Learning to Adapt
As some longtime clients drop away, the Press Club tries to stay relevant
For generations, the University Press Club has had an unofficial motto: “Write well. Get paid.” While the first part of that motto has remained unchanged, the shifting landscape of modern journalism has made the second problematic.
Since its founding in 1900, the Press Club has been a student-run journalism bureau whose members cover campus and local news as stringers for area news organizations. Press Club alumni include economist Alan Blinder ’67, former White House press secretary Mike McCurry ’76, and New Yorker editor David Remnick ’81.
In recent years, however, many longstanding Press Club clients have cut their budgets for freelance writers or reduced their coverage of local news. Even larger papers such as The New York Times and The Philadelphia Inquirer no longer use students to write summaries of Princeton football or basketball games or report on campus lectures, for example. “That is the existential crisis that the Press Club was facing over the last 10 years,” explained Dan Grech ’99, a vice president at the software startup OfferCraft and the club’s former alumni advisory board chair.
To address that crisis, two years ago the club hired Krystal Knapp as a paid “business coach,” her salary covered by an endowment, Grech said. Knapp is the founder of Planet Princeton, a “hyper-local” website covering campus and local news, and a former reporter for The Times of Trenton.

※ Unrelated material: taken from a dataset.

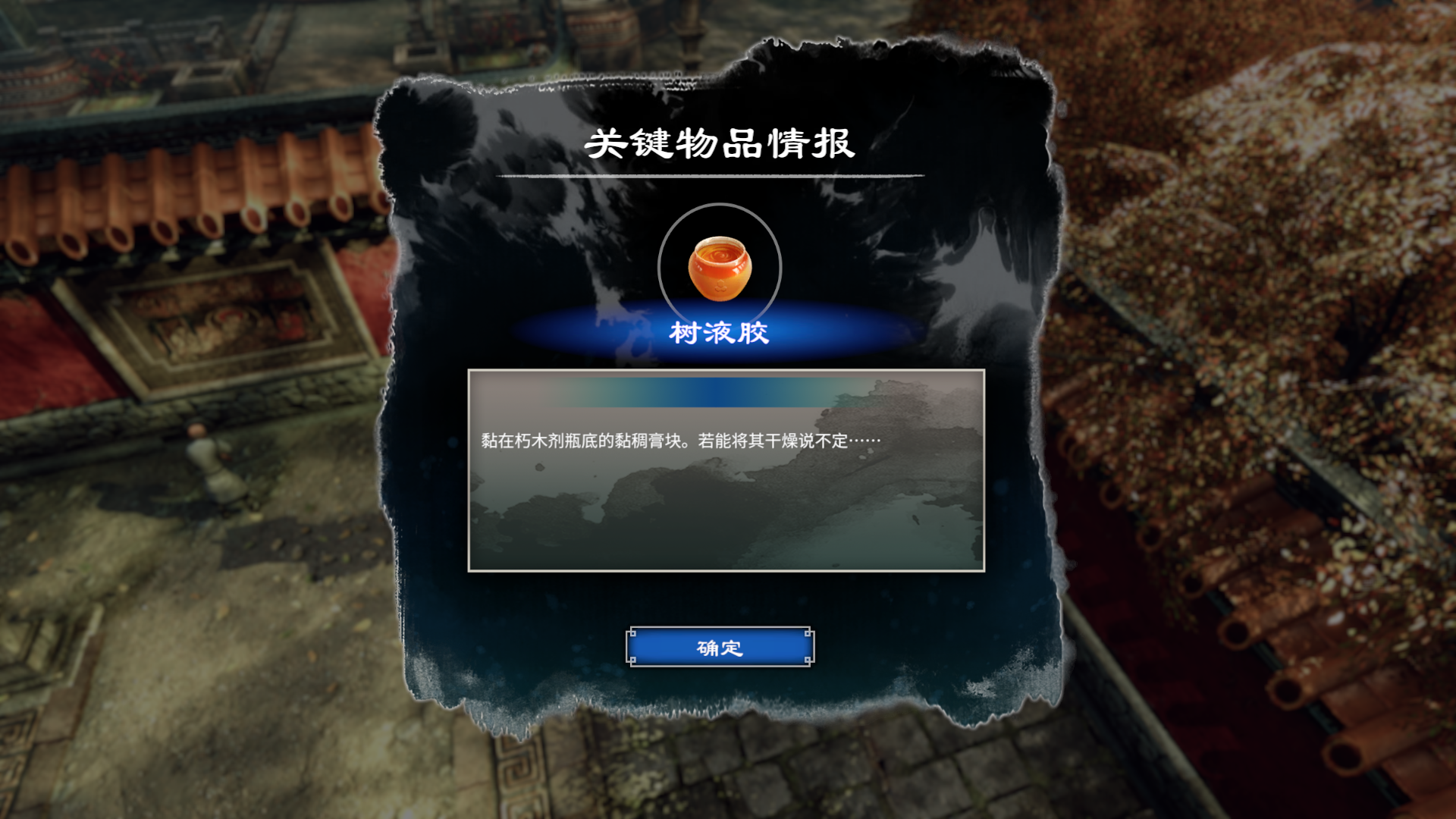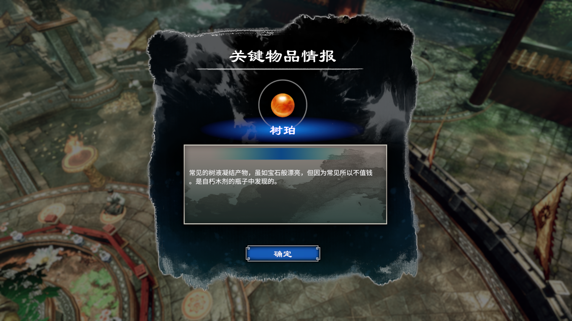 关于摩尼教的物品收集就完成了。最后还有一个黄玉钥匙,这个是你进入大殿的主线任务需要的道具,那里你将会出示绿火烧伤的证据,还有养生丸。你只需要在出示养生丸之前先出示黄玉钥匙就可以了。烧伤证据>黄玉钥匙>养生丸

In addition to overseeing development of a new club website, Knapp has helped writers hone their reporting and writing skills, pitch story ideas, and identify potential news clients. “It has required a shift in thinking about how we can position ourselves as Princeton freelancers,” said Mary Hui ’17, the club’s co-president and a PAW contributor.
When important campus news breaks, such as the November 2015 sit-in by members of the Black Justice League at the office of President Eisgruber ’83, the Press Club has moved aggressively to cover the story. Co-president Gabe Fisher ’17 live-blogged the protest for 36 hours. “That,” Hui said, “is something that a reporter parachuting in from outside can’t do.” The Press Club’s website received 61,500 page views during the two-day sit-in, and club members earned bylines for stories in The New York Times and on The New Yorker’s website.
Spurred by coverage of the sit-in and other campus controversies, output by Press Club members more than doubled, from 45 stories written in the spring of 2014 to 98 in spring 2016. Total earnings also nearly doubled, although Grech said that the days are long gone when Press Club writers could earn enough to pay their entire tuition. While the Press Club writes for The New York Times and the Hong Kong-based South China Morning Post, where Hui worked as an intern, other clients tend to be closer to campus these days, including local newspapers, PAW (the club’s largest client), and the engineering school’s EQuad News.
Because national stories like the sit-in are relatively rare, Knapp encourages student writers to think broadly about the stories they can pitch to potential editors. Rather than focus solely on campus news and events, she has urged them to use Princeton as a jumping-off point for broader features about issues in higher education, such as student reaction to Donald Trump’s victory. Any opportunity can provide fodder for a story. While studying in Havana last spring, Spencer Parts ’17 wrote several articles about life in Cuba for the Miami Herald.
“You just have to look farther afield now,” Fisher said.